▶ _PROBLEM DESCRIPTION_:
Beginning with the line that holds "商品名称:澳萝拉 2025新款异形冰藤席数码印花系列席子凉席-风格二 喜欢你(床席款)" in the data below, give again every line through the one that holds "故障后恢復查詢:當連續(xù", exactly as written.

▶ _DATASET_:

- - - - - - -

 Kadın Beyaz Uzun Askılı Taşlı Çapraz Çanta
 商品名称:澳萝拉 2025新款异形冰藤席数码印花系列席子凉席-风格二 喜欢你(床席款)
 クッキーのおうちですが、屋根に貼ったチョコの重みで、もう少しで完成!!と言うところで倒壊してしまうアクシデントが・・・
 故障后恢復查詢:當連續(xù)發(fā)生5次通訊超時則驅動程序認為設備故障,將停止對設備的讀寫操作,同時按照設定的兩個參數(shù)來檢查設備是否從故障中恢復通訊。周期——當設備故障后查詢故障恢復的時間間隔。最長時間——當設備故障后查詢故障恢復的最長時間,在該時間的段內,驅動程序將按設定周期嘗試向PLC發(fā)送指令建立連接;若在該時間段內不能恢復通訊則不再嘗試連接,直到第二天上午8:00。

- - - - - - -

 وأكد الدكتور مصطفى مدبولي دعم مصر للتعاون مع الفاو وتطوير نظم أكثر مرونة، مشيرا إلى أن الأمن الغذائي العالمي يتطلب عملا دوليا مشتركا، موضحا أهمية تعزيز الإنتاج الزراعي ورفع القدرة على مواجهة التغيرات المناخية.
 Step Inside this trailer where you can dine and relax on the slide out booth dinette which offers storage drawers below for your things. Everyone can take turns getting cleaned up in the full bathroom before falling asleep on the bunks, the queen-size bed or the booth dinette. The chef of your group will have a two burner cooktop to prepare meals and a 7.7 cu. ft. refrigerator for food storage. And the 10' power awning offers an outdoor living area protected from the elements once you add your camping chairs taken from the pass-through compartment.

- - - - - - -

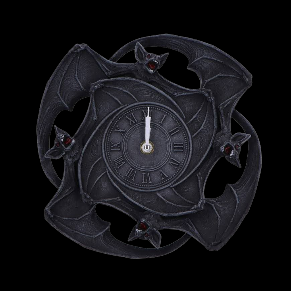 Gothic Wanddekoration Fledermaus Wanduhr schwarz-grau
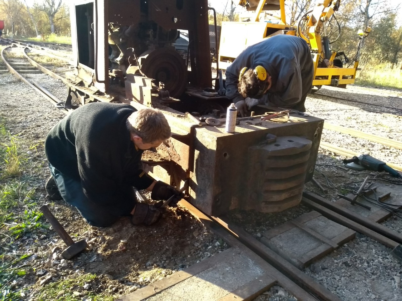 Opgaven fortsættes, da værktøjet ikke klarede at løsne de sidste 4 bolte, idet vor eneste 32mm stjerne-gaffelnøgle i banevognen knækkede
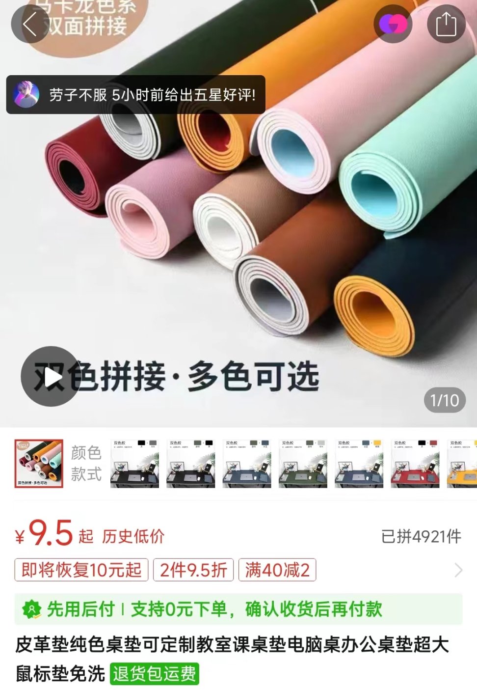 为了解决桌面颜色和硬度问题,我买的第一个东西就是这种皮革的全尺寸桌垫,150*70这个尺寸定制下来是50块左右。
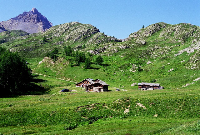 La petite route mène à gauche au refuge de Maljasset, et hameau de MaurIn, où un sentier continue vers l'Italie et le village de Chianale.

- - - - - - -

▶ _RESULT FOR THIS TASK_:
 商品名称:澳萝拉 2025新款异形冰藤席数码印花系列席子凉席-风格二 喜欢你(床席款)
 クッキーのおうちですが、屋根に貼ったチョコの重みで、もう少しで完成!!と言うところで倒壊してしまうアクシデントが・・・
 故障后恢復查詢:當連續(xù)發(fā)生5次通訊超時則驅動程序認為設備故障,將停止對設備的讀寫操作,同時按照設定的兩個參數(shù)來檢查設備是否從故障中恢復通訊。周期——當設備故障后查詢故障恢復的時間間隔。最長時間——當設備故障后查詢故障恢復的最長時間,在該時間的段內,驅動程序將按設定周期嘗試向PLC發(fā)送指令建立連接;若在該時間段內不能恢復通訊則不再嘗試連接,直到第二天上午8:00。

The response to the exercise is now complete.